WHAT IS REQUIRED. Please set down exactly the lines from the one that contains "Banco de jardim" through the end of the material, leaving out every picture.

RECORDED INFORMATION.

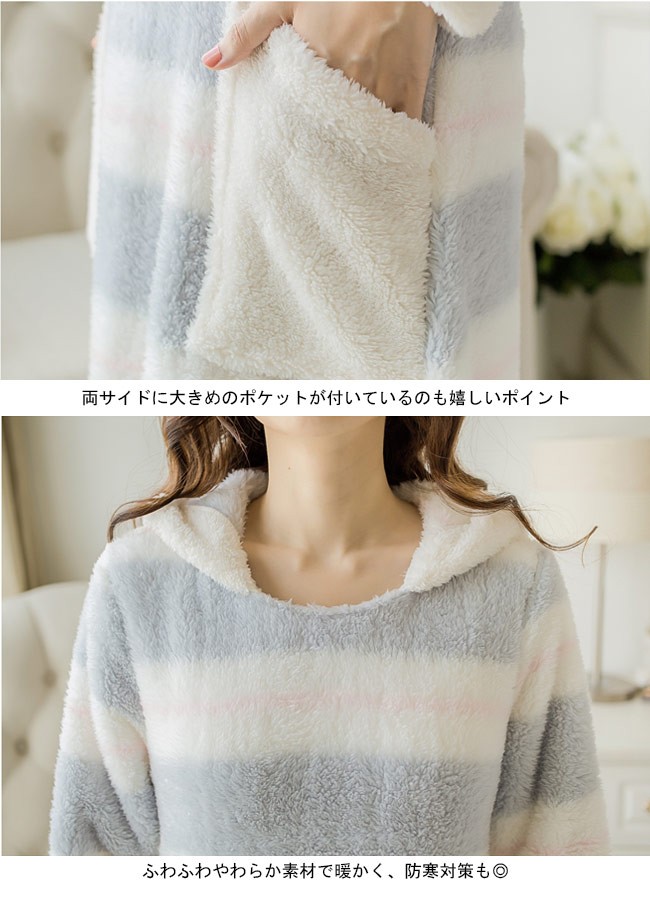 | 商品名 | ルームウェア パジャマ ナイトウェア ロング丈 レディース 兎耳 フード付き 防寒 もこもこ ふわふわ あったか ワンピース 可愛い 秋冬 部屋着 ポケット付き |
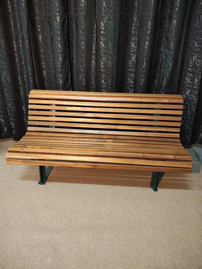 Banco de jardim / exterior com madeira de kambala, pés em ferro forjado lacado a verde.
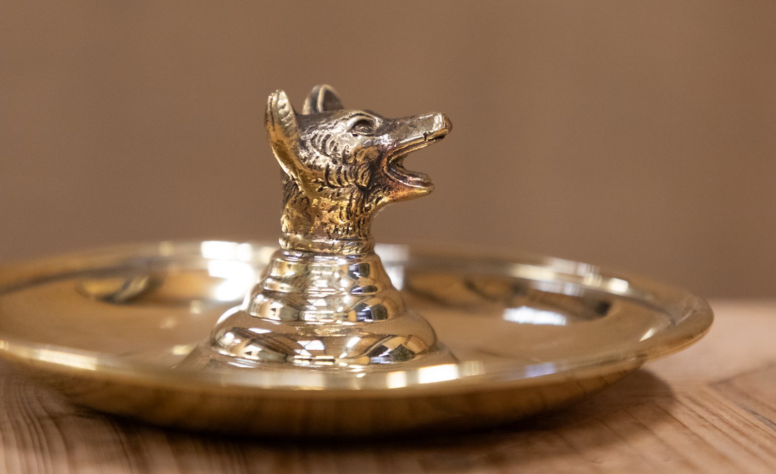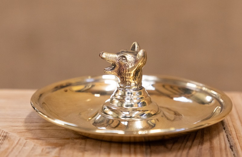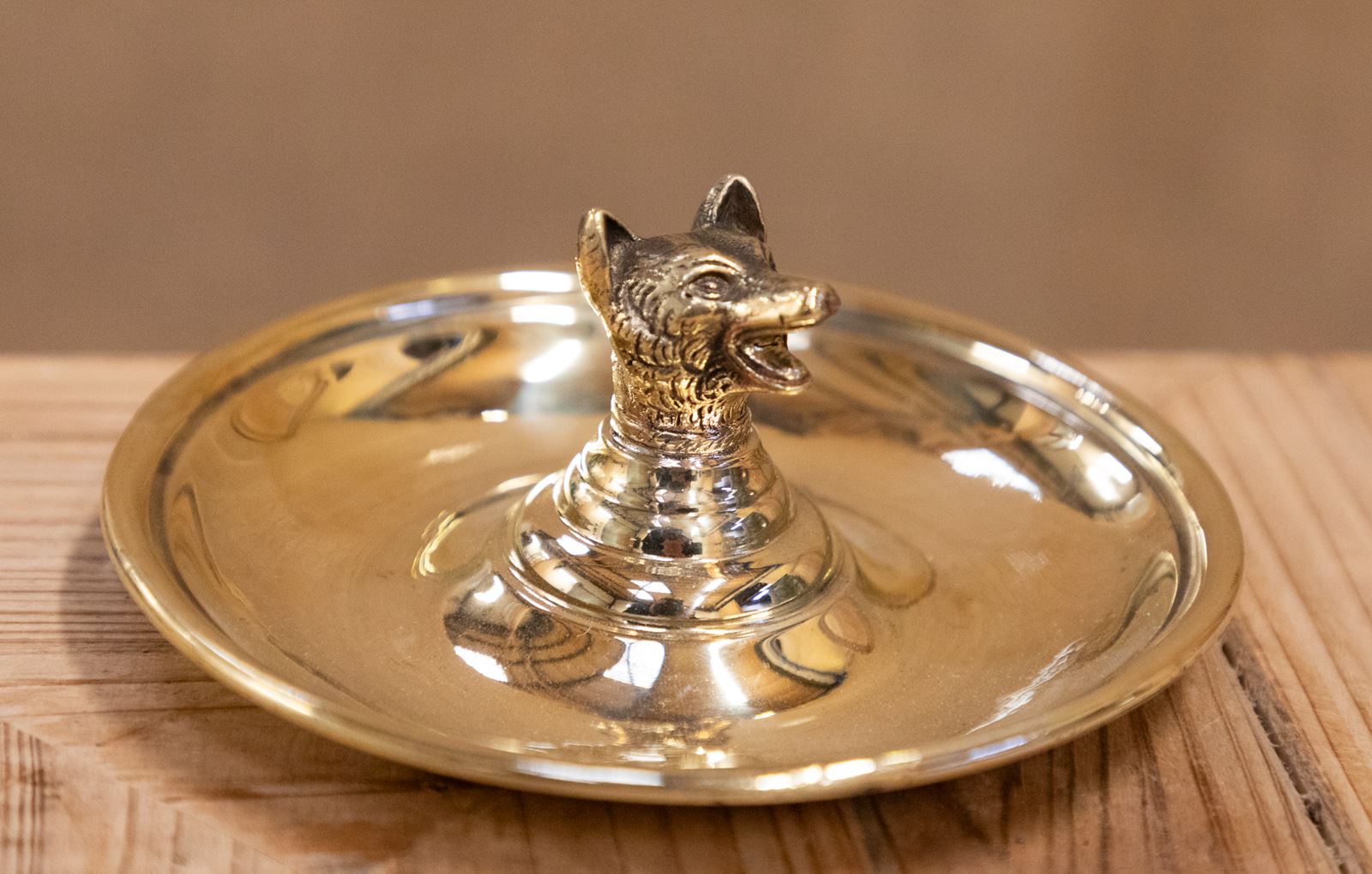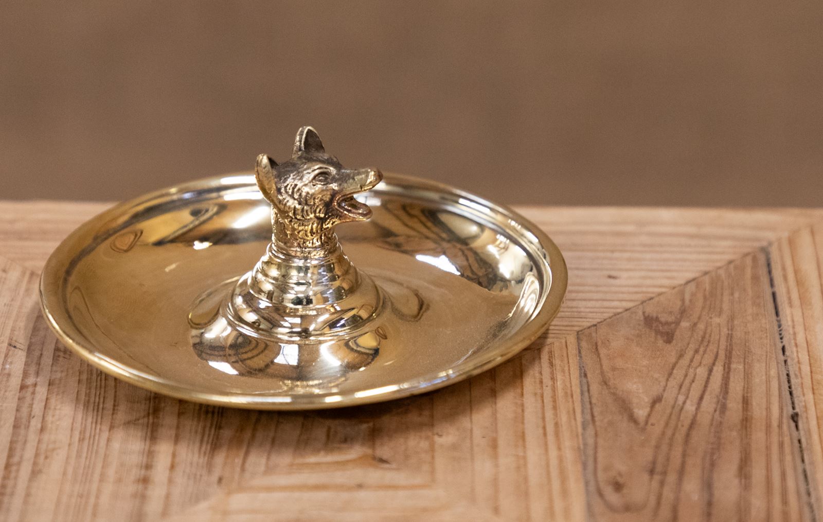 A lovely polished brass ring tray or jewellery dish with a cast fox head finial.

RESULT FOR THIS EXERCISE.
 Banco de jardim / exterior com madeira de kambala, pés em ferro forjado lacado a verde.
 A lovely polished brass ring tray or jewellery dish with a cast fox head finial.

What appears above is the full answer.